A freewheel or overrunning clutch is a device in a transmission that disengages the driveshaft from the driven shaft when the driven shaft rotates faster than the driveshaft. An overdrive is sometimes mistakenly called a freewheel, but is otherwise unrelated.

The condition of a driven shaft spinning faster than its driveshaft exists in most chain-driven bicycles when the rider stops pedaling. In a specialized fixed-gear bicycle (that lacks a freewheel) the rear wheel drives the pedals around.

An opposite condition exists in an automobile with a manual transmission going downhill, or any situation where the driver takes their foot off the gas pedal (closing the throttle) but the clutch is left out (and the transmission remains engaged). Instead of the engine driving the wheels (through the transmission), the wheels will drive the engine, possibly at a higher RPM. Pure freewheeling in an automobile is pushing the clutch in and releasing the throttle, disengaging the connection between the engine and transmission and allowing the engine to idle while the wheels turn at whatever pace gravity and momentum propel them.

In a two-stroke engine, this can be catastrophic—as many two stroke engines depend on a fuel/oil mixture for lubrication, a shortage of fuel to the engine starves oil from the cylinders, and the pistons can soon seize, causing extensive damage. Saab used a freewheel system in their two-stroke models for this reason and maintained it in the Saab 96 V4 and early Saab 99 for better fuel efficiency.
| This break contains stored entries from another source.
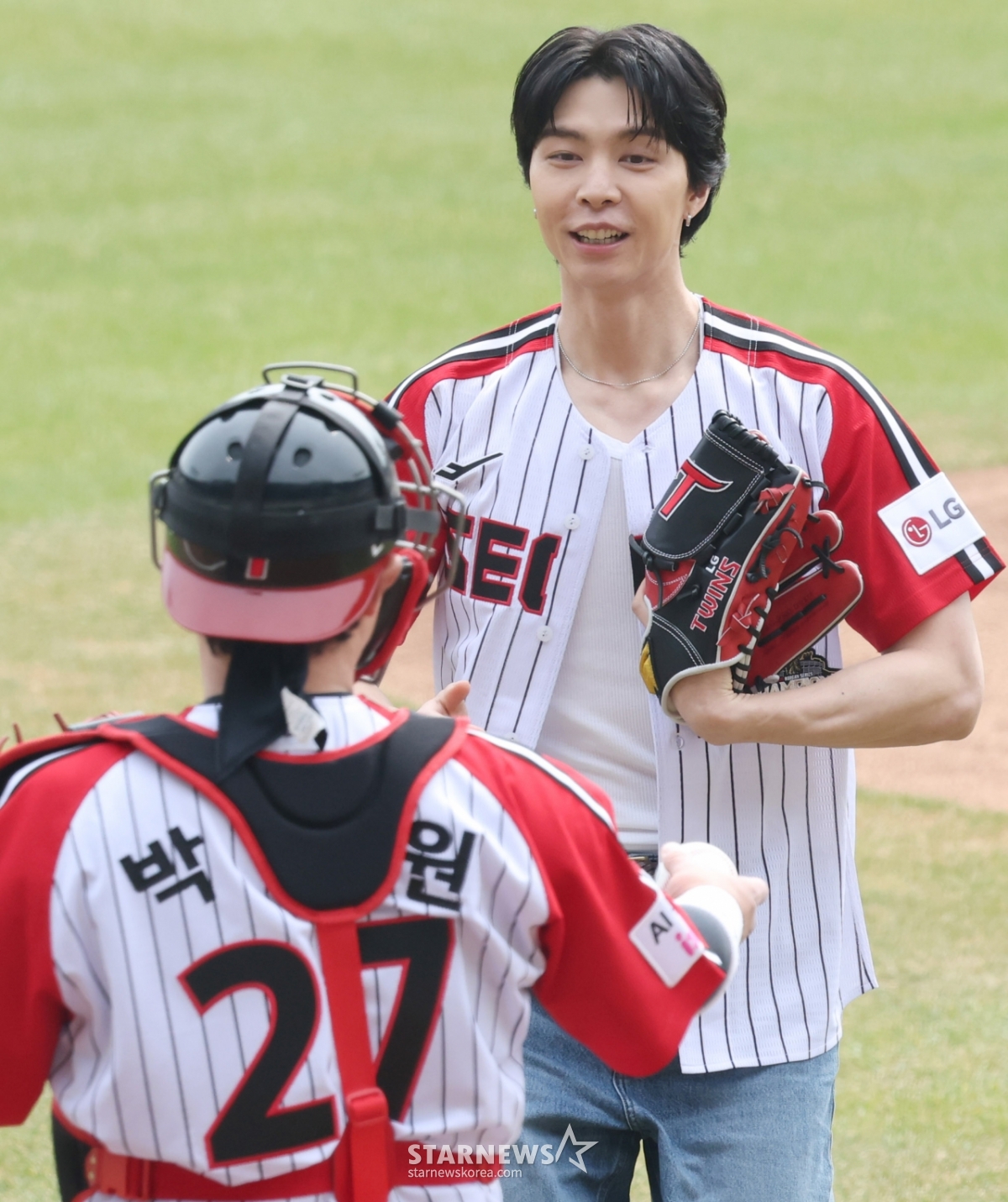 스포츠야구[포토] 쟈니-박동원, 둘 다 '이게 실화냐'발행 : 2026.03.29 ・ 14:06잠실=김진경 대기자2026 신한 SOL Bank KBO리그 LG 트윈스 대 KT 위즈 경기가 29일 서울 잠실야구장에서 열렸다.NCT 멤버 쟈니(JOHNNY)가 LG 승리기원 시구를 한 후 포수 박동원에게 공을 건네받고 있다.DJ, 예능, MC 등 멀티 엔터테이너로 존재감을 뽐내고 있는 쟈니는 최근 2026 WBC 대한민국 경기 시구자로 나서기도 했다.<저작권자 © 스타뉴스, 무단전재 및 재배포 금지>브리핑2026 신한 SOL Bank KBO리그 LG 트윈스와 KT 위즈 경기가 29일 서울 잠실야구장에서 열렸다. NCT 멤버 쟈니가 LG 승리기원 시구를 한 후 포수 박동원에게 공을 건네받았다. 쟈니는 최근 2026 WBC 대한민국 경기 시구자로 나서기도 했다.추천 기사김진경 대기자기자홈좋아요스포츠-야구의 인기 급상승 뉴스스포츠-야구의 최신 뉴스AD
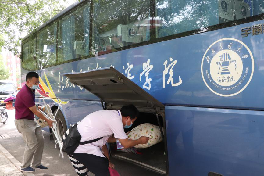 学校校车为学生转运行李
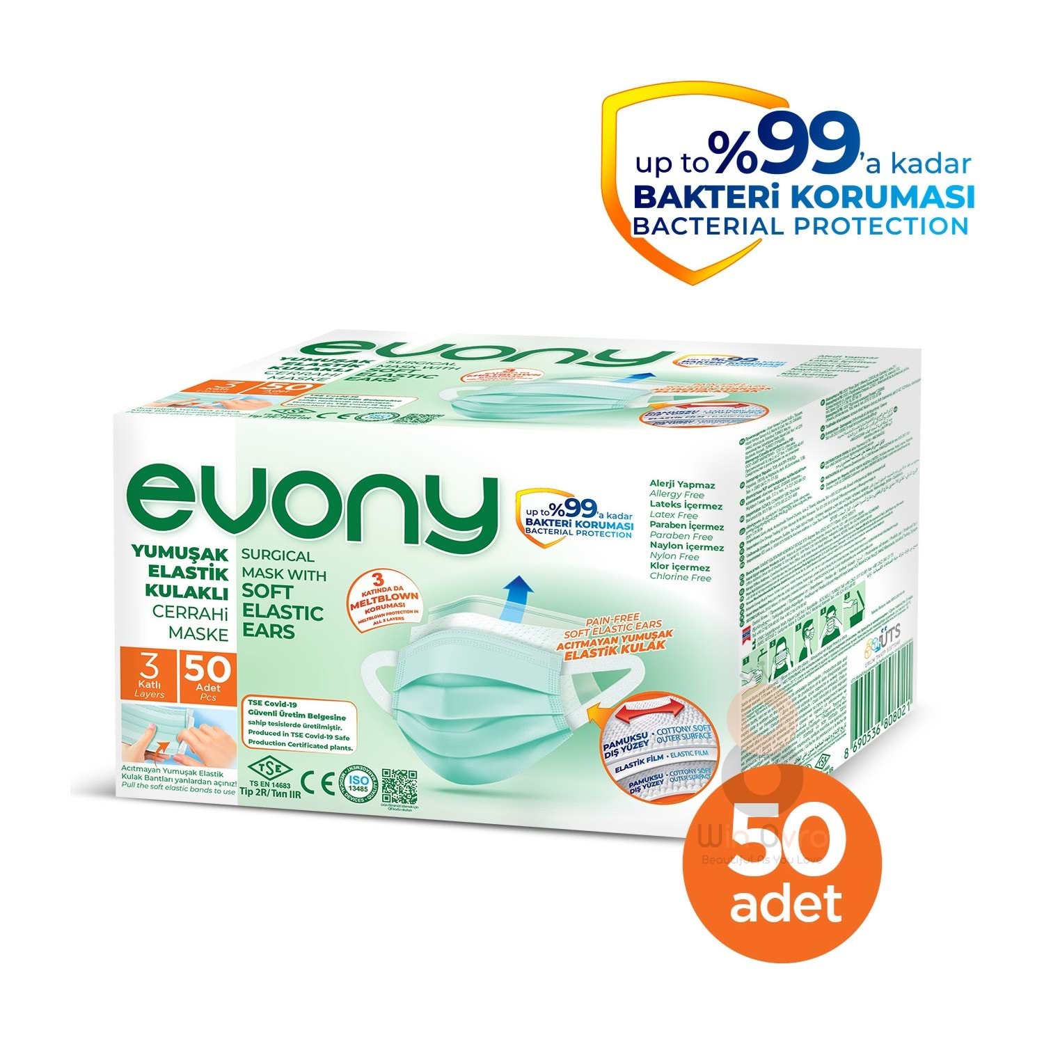 Evony Yumuşak Elastik Kulaklı Maske 50'li
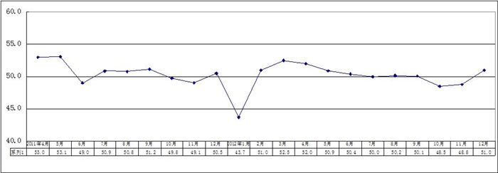 图1 2011年4月-2012年12月日本a片 重点企业PMI趋势图
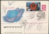 Cosmogramma del volo sovietico-siriano Soyuz TM-3 - bollo pentagonale nero di bordo Mir, annullo ufficiale Siria 22.07.87, lancio, e sovietico-siriano CC*CP 24.07.87, commemorativo dell'aggancio Mir e del carattere internazionale del volo sovietico-siriano - firme autografe di Y.Romanenko e A.Laveikin (Soyuz TM-2 a bordo della stazione), A.Viktorenko, A.Alexandrov e M.Faris, Siria (Soyuz TM-3) - ottima qualità - cert. Kniga
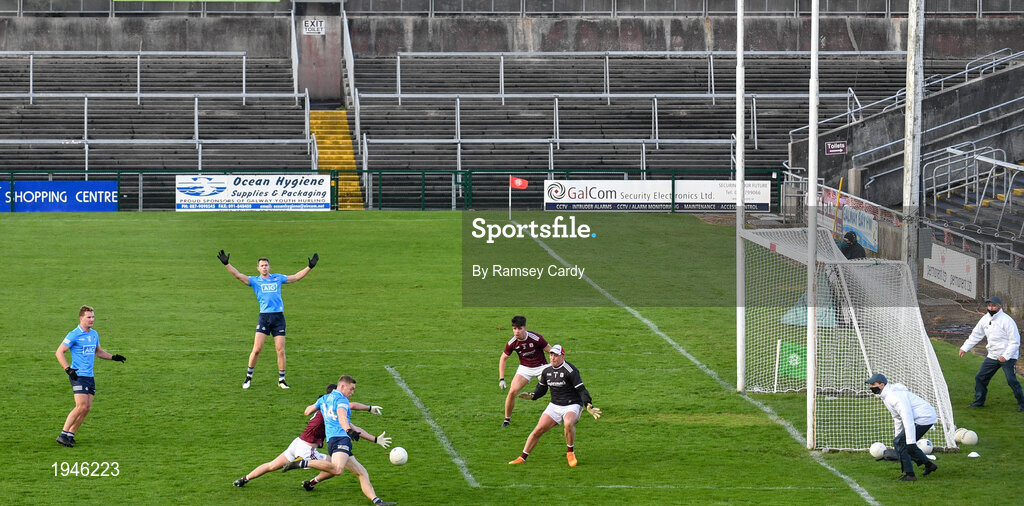 25 October 2020; Con O'Callaghan of Dublin shoots to score his side's second goal during the Allianz Football League Division 1 Round 7 match between Galway and Dublin at Pearse Stadium in Galway. Photo by Ramsey Cardy/Sportsfile
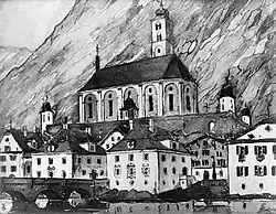 - Kirchentreppe, St. Leodegar im Hof, Luzern 1897 (Wettbewerb 1. Preis)
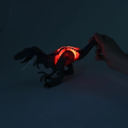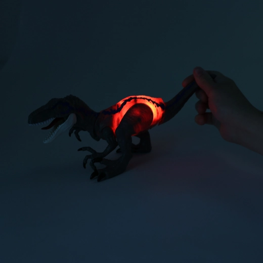 Ez a részletesen kidolgozott Velociraptor dinoszaurusz hiteles őskori élményt nyújt a gyerekeknek. A farok megnyomására félelmetes üvöltés hallatszik, és bekapcsol a fényhatás, amely fokozza a játék drámai hangulatát. A fej megnyomásával kinyílik az állkapocs és megmozdulnak az elülső végtagok, így az akció sosem ér véget.
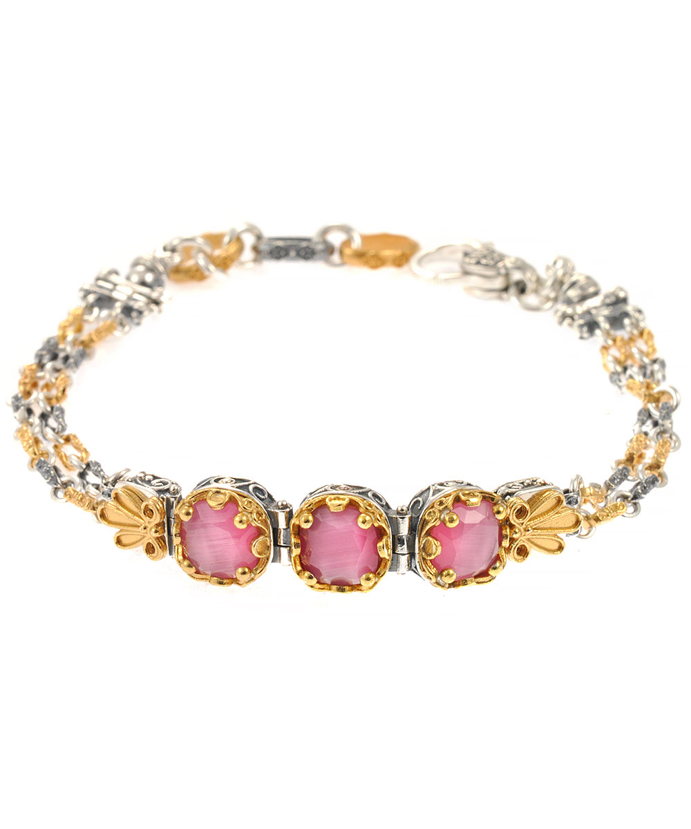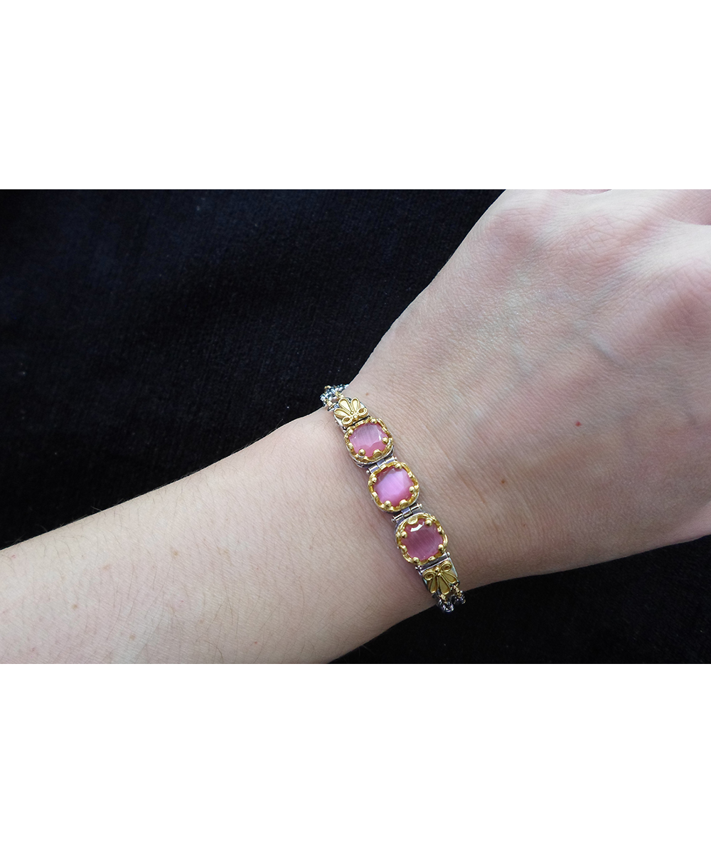 Γυναίκειο βραχιόλι Dimitrios Exclusive από επιπλατινωμένο ασήμι 925 με πέτρες Pink Tourmaline Eye.
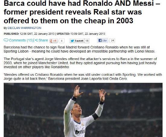 실제로 그럴 기회가 있었다. 후안 라포르타 전 바르셀로나 회장은 스페인 라디오 방송 온다 세로와의 인터뷰에서 "호날두의 에이전트가 우리에게 직접 호날두 영입을 제안했다. 실제로 꽤 진척됐었다"고 했다. 이어 "우리는 맨유가 호날두를 영입했던 금액보다 싸게 호날두를 데려올 수 있었다. 그러나 우리는 호나우딩요, 히카르두 콰레스마, 라파엘 마르케스를 영입하느라 다른 영입을 하기에는 재정적으로 부족했다"고 영입실패의 뒷이야기를 털어놨다. 만약 이때 바르셀로나가 호날두를 영입했다면 메시와 함께 상대 골문을 공략하는 모습을 볼 수 있었을지도 모른다.
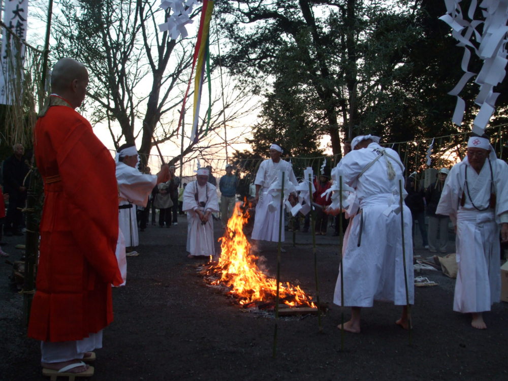 燃え上がる火のまわりで、行者は剣をかざして祈り、厄払いをします。
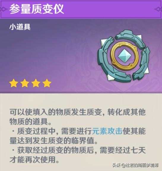 原神中的小道具——参量质变仪,大家都不陌生吧,放入一些材料,通过使用元素力让他们转换成摩拉、经验书、天赋书等更重要的材料。那么,参量质变仪质变是有规律的,不知大家了不了解呢?本次,就让饺子为大家介绍一下其中的规律吧!
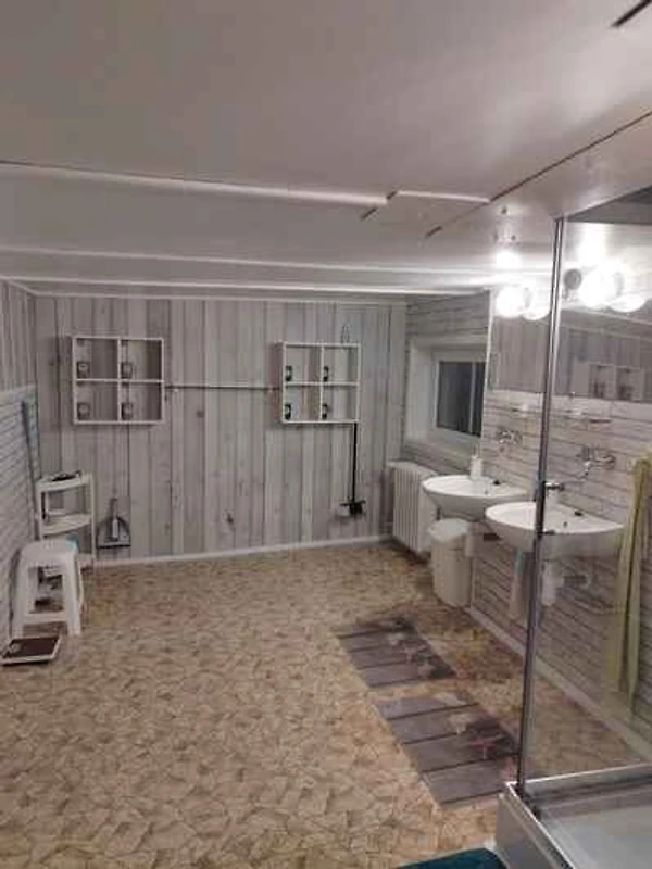 begane grond: recreatieruimte als doorgangskamer, 50 m² groot en met tegelkachel, zithoek, eethoek, TV en DVD. De eethoek heeft plaats voor 32 personen. keuken 20 m² groot en met eethoek, afwasmachine, gasfornuis (4 pitten), elektrisch fornuis (keramische kookplaat, 4 kookplaat), bakoven, afzuigkap, koelkast (400 l, vriesvak), magnetron, koffiemachine, broodrooster en elektrische waterkoker. De eethoek heeft plaats voor 6 personen. aparte WC met douche, 2 wastafels en WC.

The simplest freewheel device consists of two saw-toothed, spring-loaded discs pressing against each other axially with the toothed sides together, like a ratchet but with the usual stationary part also rotating. Rotating in one direction, the saw teeth of the drive disc lock with the teeth of the driven disc, making it rotate at the same speed. If the drive disc slows down or stops rotating, the teeth of the driven disc slip over the drive disc teeth and continue rotating, producing a characteristic clicking sound proportionate to the speed difference of the driven gear relative to that of the (slower) driving gear.

A more sophisticated and rugged design has spring-loaded steel rollers inside a driven cylinder. Rotating in one direction, the rollers lock with the cylinder making it rotate in unison. Rotating slower, or in the other direction, the steel rollers just slip inside the cylinder.

Bicycles use freewheels to allow the cyclist to coast without pedaling. Rotating either the wheel or cassette in the direction that produces the clicking sound causes the pawl to easily slide up and over the gently sloped edges of the teeth. This process is sometimes informally referred to as "slipping." In this scenario, the cassette rotates independently of the rear wheel. When the cyclist stops pedaling, the ratchet slips as the wheel continues to rotate while the cassette stops, producing the clicking noise. Consequently, a bicycle will not move in reverse if the cyclist pedals backwards. When the cassette or wheel is rotated in the opposite direction, the pawl catches against the steeper-sloped edges of the teeth, creating a lock. As the cyclist pedals forward, the cassette spins forward causing the pawl to catch against the steep slope of the teeth and drive the rear wheel in the forward direction.

Most bicycle freewheels use an internally step-toothed drum with two or more spring-loaded, hardened steel pawls to transmit the load. More pawls help spread the wear and give greater reliability although, unless the device is made to tolerances not normally found in bicycle components, simultaneous engagement of more than two pawls is rarely achieved.